Angst over possible dismissal in Chen case

BY ALINE REYNOLDS  |  Community advocates and family members of U.S. Army Private Danny Chen are railing against a preliminary suggestion by the Army that involuntary manslaughter, the most serious charge against Specialist Ryan Offutt, be dismissed.

The Article 32 military hearing of Offutt, one of eight American soldiers who face criminal charges tied to Chen’s Oct. 3 death in Afghanistan, concluded on Monday, Jan. 23. The Army’s investigating officer proceeded to recommend forwarding all of Offutt’s charges, which range from negligent homicide to reckless endangerment to dereliction of duty, to a court-martial, with one exception.

The funeral procession for U.S. Army Private Danny Chen on Oct. 13, 2011, brought hundreds of mourners into the streets of Chinatown.

“In this case, the investigating officer recommends that the involuntary manslaughter charge be dropped,” according to Amy Spokesperson George Wright.

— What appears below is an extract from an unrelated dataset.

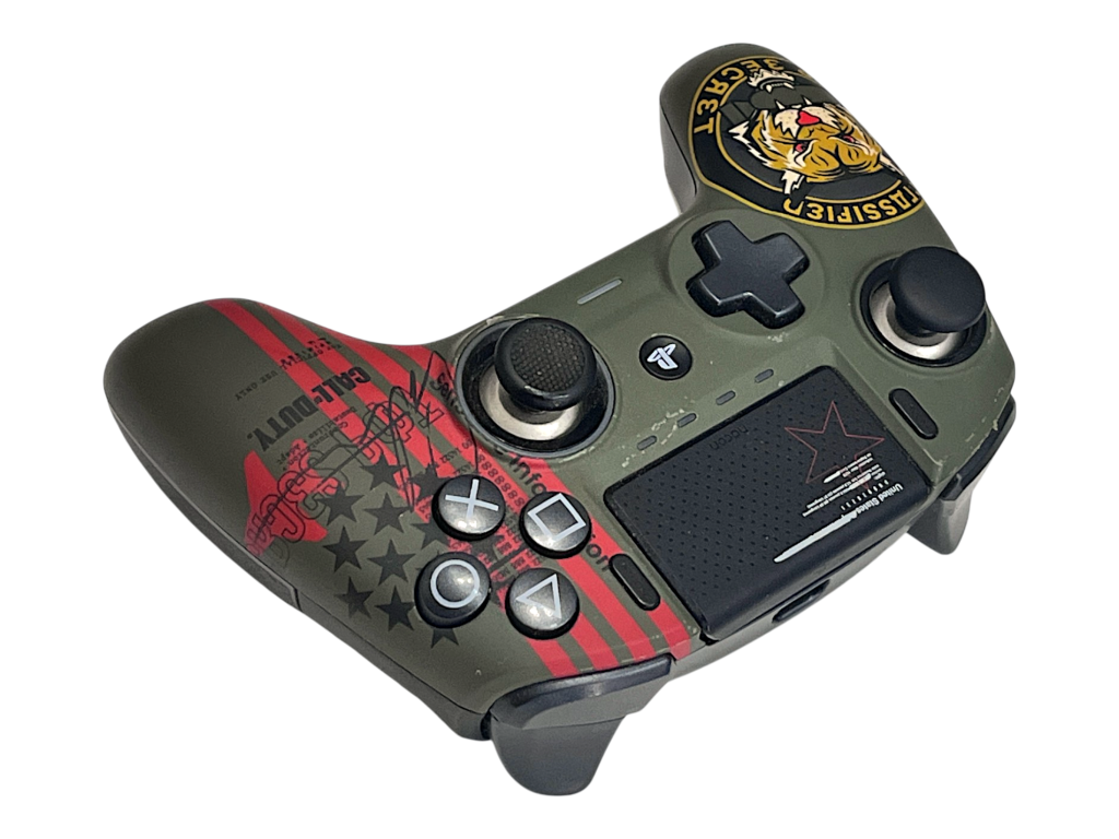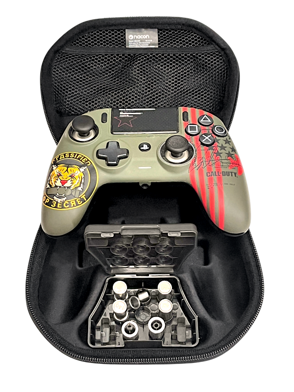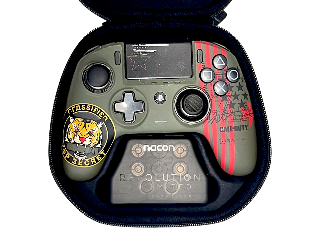 Nacon Revolution Unlimited Pro Controller- Call of Duty Cold War Edition (PS4). This preowned Scuf controller is in good condition and perfect working order and includes pictured case and accessories (many of the peripheral accessories are attached to the controller currently – refer photos front and back).

The recommendation, however, does not guarantee the dismissal of the charge, Wright said. “Under the Uniform Code of Military Justice,” he explained, “a superior command could still send the charge to trial but could also follow the recommendation and dismiss the charge.” The multi-step, multi-player procedure, Wright noted, is designed to protect the rights of the accused.

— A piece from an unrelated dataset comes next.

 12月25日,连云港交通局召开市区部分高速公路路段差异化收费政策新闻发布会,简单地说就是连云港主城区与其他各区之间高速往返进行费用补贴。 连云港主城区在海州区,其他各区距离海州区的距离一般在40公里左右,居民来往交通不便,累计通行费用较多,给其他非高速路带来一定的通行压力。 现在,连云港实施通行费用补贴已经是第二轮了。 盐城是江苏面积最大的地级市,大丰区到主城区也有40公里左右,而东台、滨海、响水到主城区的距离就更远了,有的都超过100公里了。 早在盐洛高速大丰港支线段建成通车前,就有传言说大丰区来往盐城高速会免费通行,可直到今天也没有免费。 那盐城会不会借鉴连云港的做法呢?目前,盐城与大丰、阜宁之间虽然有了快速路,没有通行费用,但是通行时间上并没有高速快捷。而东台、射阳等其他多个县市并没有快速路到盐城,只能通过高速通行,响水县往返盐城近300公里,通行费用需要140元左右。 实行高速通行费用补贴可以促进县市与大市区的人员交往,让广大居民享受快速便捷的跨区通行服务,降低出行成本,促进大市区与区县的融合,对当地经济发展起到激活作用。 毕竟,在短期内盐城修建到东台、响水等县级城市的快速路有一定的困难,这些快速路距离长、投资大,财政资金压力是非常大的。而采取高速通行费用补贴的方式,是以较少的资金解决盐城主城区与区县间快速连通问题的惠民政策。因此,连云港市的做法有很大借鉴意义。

This explanation was of little consolation to Chen’s family, friends, and OCA’s (Organization for Chinese Americans) New York chapter, a leading advocate in the Chen case.

“It is not enough,” said Chen’s cousin, Banny Chen, on behalf of the soldier’s family. “Offutt and all the suspects should be tried on the maximum charges possible because of what they did to Danny.”

Elizabeth R. OuYang, president of OCA-NY, said the community is  “extremely” disappointed that Offutt might not be tried for manslaughter, and continues to urge the Army to prosecute the suspects to the greatest extent possible.

“There is a big difference between a three-year and a ten-year maximum prison sentence,” said OuYang. “We hope that all the charges will be recommended for the remaining seven suspects, including those who have been initially charged with involuntary manslaughter.”

OuYang and other advocates are also requesting that the Army televise the Afghanistan-based hearings for the remaining suspects, which begin on Mon., Feb. 6. Wright, however, said the request would likely be denied.

“Our rules do permit closed-circuit video or audio transmission in very limited circumstances as determined by the judge,” said Wright, “but the Army typically doesn’t record or broadcast Article 32 hearings or court-martials.”

While NYC Councilmember Margaret Chin also expressed her dissatisfaction, she said, “This is only a recommendation regarding one charge against one soldier. I am hopeful that this recommendation will be ignored and that the charges in the other cases will be upheld.”

“Investigators have confirmed that Private Chen was a victim of egregious maltreatment prior to his death,” Chin continued. “If the Army has zero tolerance for bullying and hazing, as they claim to, then they need to prosecute these eight individuals to the fullest extent of the law.”

The Councilmember is holding a hearing Fri., Jan. 27 at 10 a.m. at 250 Broadway on the resolution she introduced to the Council earlier this month urging the U.S. Department of Defense to scrutinize the Army’s cultural diversity training for its soldiers.

Wright said the Army has responded to the community’s list of previously asked questions about its training policies. Neither the questions nor answers were immediately available to the press.

Asked for an update on the location of the anticipated trials of the soldiers, Wright said, “It’s something procedurally we’re not ready to discuss yet, because the Court-Martial Convening Authority has yet to rule on whether or not the trials will or will not take place.”